The data:

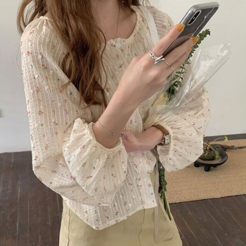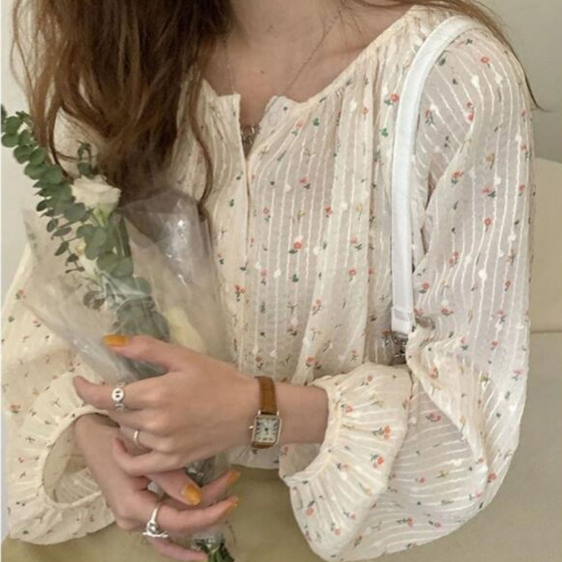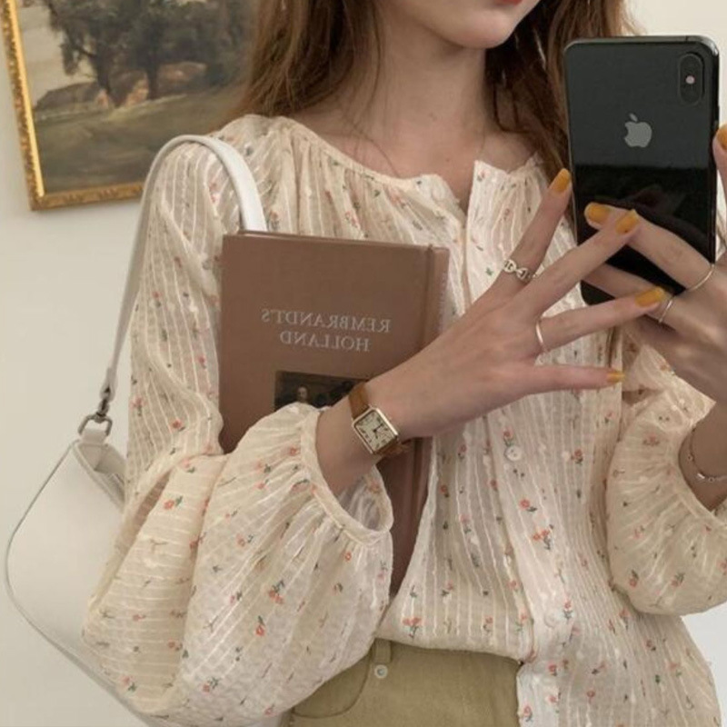 프렌치 시크 꽃무늬 셔츠 1688 봄 여름 새로운 디자인 틈새 루즈 슬림 셔츠 여성상의
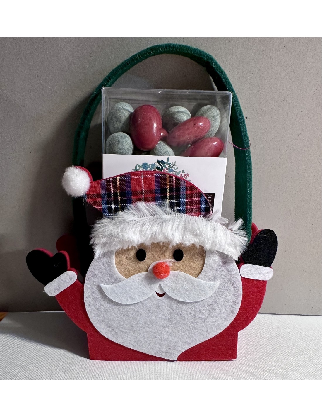 Panier Père Noël avec chapeau à carreaux. Tissu feutrine
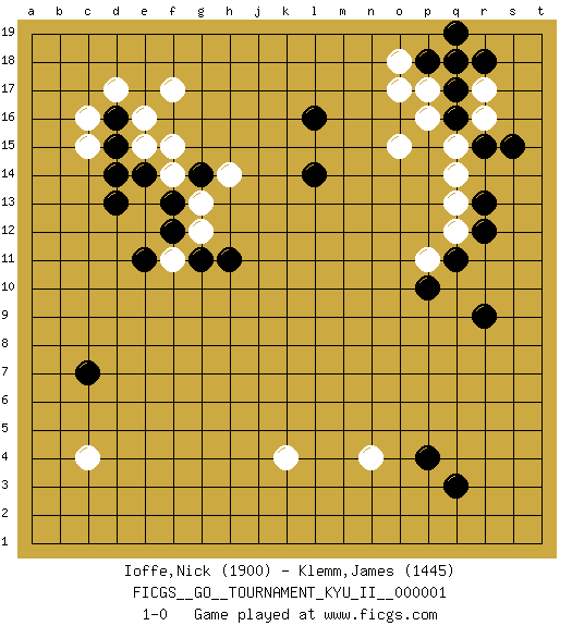 Last move : 1-0 2008 March 10 15:54:18 [Event "FICGS__GO__TOURNAMENT_KYU_II__000001"] [Site "FICGS"] [Date "2007.11.22"] [Round "1"] [Black "Ioffe,Nick"] [White "Klemm,James"] [Result "1-0"] [Rating 1 "1900"] [Rating 2 "1445"] 1.q16 d17 2.q3 c4 3.r9 n4 4.p4 k4 5.d15 e15 6.e14 e16 7.d13 f14 8.f13 g13 9.g14 f15 10.f12 h14 11.h11 c15 12.d16 c16 13.d14 f17 14.c7 o17 15.l16 o15 16.l14 q14 17.s15 q18 18.p18 p17 19.r18 r17 20.q17 r16 21.r15 q15 22.q19 p16 23.q18 o18 24.r13 q13 25.r12 q12 26.q11 p11 27.p10 g12 28.g11 f11 29.e11 1-0 This go game has been lost on time (started : 2007.11.22 14:29:50) Here are the names of the openings (joseki) played in the four corners : Corner d16 : d17 d15 Komoku (Somok, Xiao~mu`) 3-4 Point. The komoku (3-4) point is the traditional corner enclosure move.. Ikken Takagakari (Hankan Nop'dakeolch'im, Yi Gaogua`jiao~, 1-Space High Approach). The 5-4 approach move has become more popular in modern times, as modern Go emphasizes speed and influence. Corner d4 : c4 c7 Komoku (Somok, Xiao~mu`) 3-4 Point. The komoku (3-4) point is the traditional corner enclosure move.. Corner q16 : q16 o17 Hoshi (Hwajeom, Seongjeom, Xingwei`) 4-4 Point. The star or hoshi (4-4) point, emphasizing influence at the potential expense of territory. Ikken Kakari (Hankan Keolch'im, Yi Gua`jiao~, 1-Space Low Approach). White 2 is the standard approach move to the 4-4. Player Black won this Go (weiqi, baduk) game. Follow this game move after move (download)Territory is a closed space where time no longer exists. The transformation around it slower alter it, and sometimes it cracks open like a rotten egg at the least shock. (Pierre Audouard) Before all elsed, be armed. (Niccolo Machiavelli)

What you should do: In the data above, please extract the lines from the first one through the line with "Panier Père Noël", exactly, and keep pictures out.

Response box:
 프렌치 시크 꽃무늬 셔츠 1688 봄 여름 새로운 디자인 틈새 루즈 슬림 셔츠 여성상의
 Panier Père Noël avec chapeau à carreaux. Tissu feutrine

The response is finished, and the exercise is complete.